The Smartest Guys in the Room
- Author: Bethany McLean, Peter Elkind
- Original title: The Smartest Guys in the Room: The Amazing Rise and Scandalous Fall of Enron
- Language: English
- Subject: Corporate Law, Ethics, fall of Enron
- Genre: Non-Fiction
- Publisher: Portfolio Trade
- Publication date: October 13, 2003
- Publication place: United States
- Media type: Hardcover
- Pages: 464
- ISBN: 978-1-59184-053-4

= The Smartest Guys in the Room (book) =

2003 non-fiction book

The Smartest Guys in the Room: The Amazing Rise and Scandalous Fall of Enron is a book by Bethany McLean and Peter Elkind, first published in 2003 by Portfolio Trade. In 2005, it was adapted into a documentary film, Enron: The Smartest Guys in the Room.

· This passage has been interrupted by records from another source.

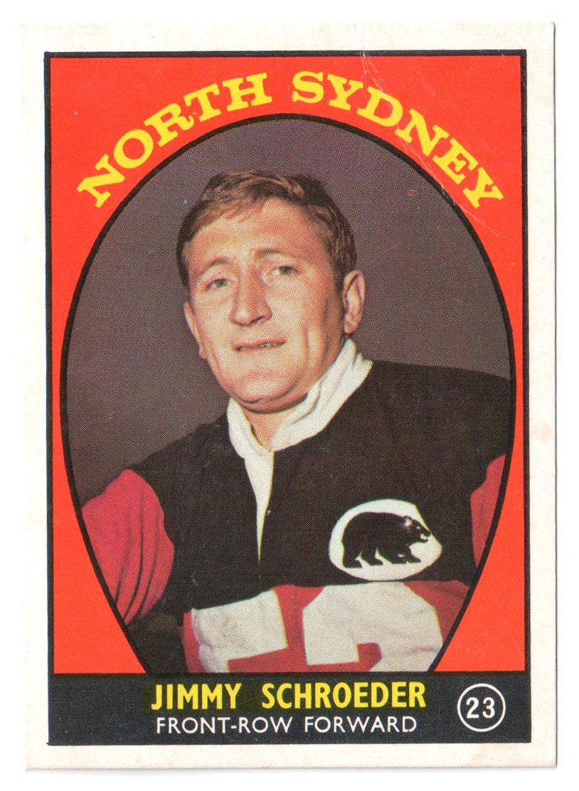 Scanlens 1968 A Grade NRL Football Card #23 - Jimmy Schroeder - North Sydney
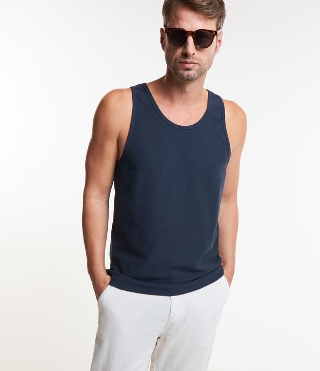 Regata regular masculina confeccionada em algodão e sem estampa. Possui gola redonda e alças médias.
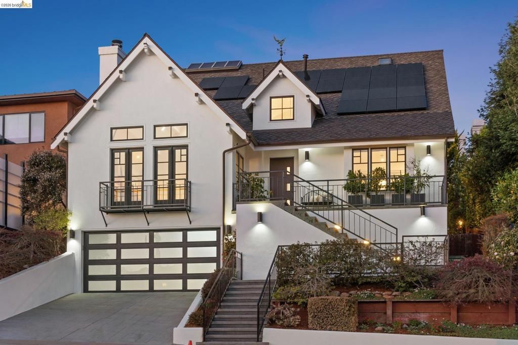 Spectacularly stylish with all the bells and whistles! Luxury is everywhere in this modern architectural masterpiece: dramatic vaulted ceilings, views of the Bay, a primary ensuite on par with a hotel includes a private balcony and spacious walk-in closet, designer lighting, solar panels, custom drapery throughout, and perhaps the most deluxe chefs kitchen of all! Plus a desirable floorplan offers a bedroom suite on the ground level, 3 more bedrooms and 2 full bathrooms and laundry on the upper level, and a separate home office with exterior entrance on the lower level. The colossal 3-car garage has room for a home gym, extra fridge-freezer space, and loads of storage. A garden oasis right off the kitchen/den twinkles at night with a soothing stone fountain, mature maples and a magnolia, and built-in bench seating. All of this is located just minutes to College Avenue shops and restaurants, excellent schools, and outdoor recreational space!

McLean and Elkind worked on the book when they both were Fortune senior writers. McLean had written a March 5, 2001 article for Fortune called, "Is Enron overpriced?"

The book is not only about the Enron scandal, but also describes the authors' effort in following the developing story as it happened. It is based on hundreds of interviews and details from personal calendars, performance reviews, e-mails, and other documents. BusinessWeek called it, "The best book about the Enron debacle to date."

It hit the New York Times bestseller list and was named one of strategy+business magazine's best business books of 2003.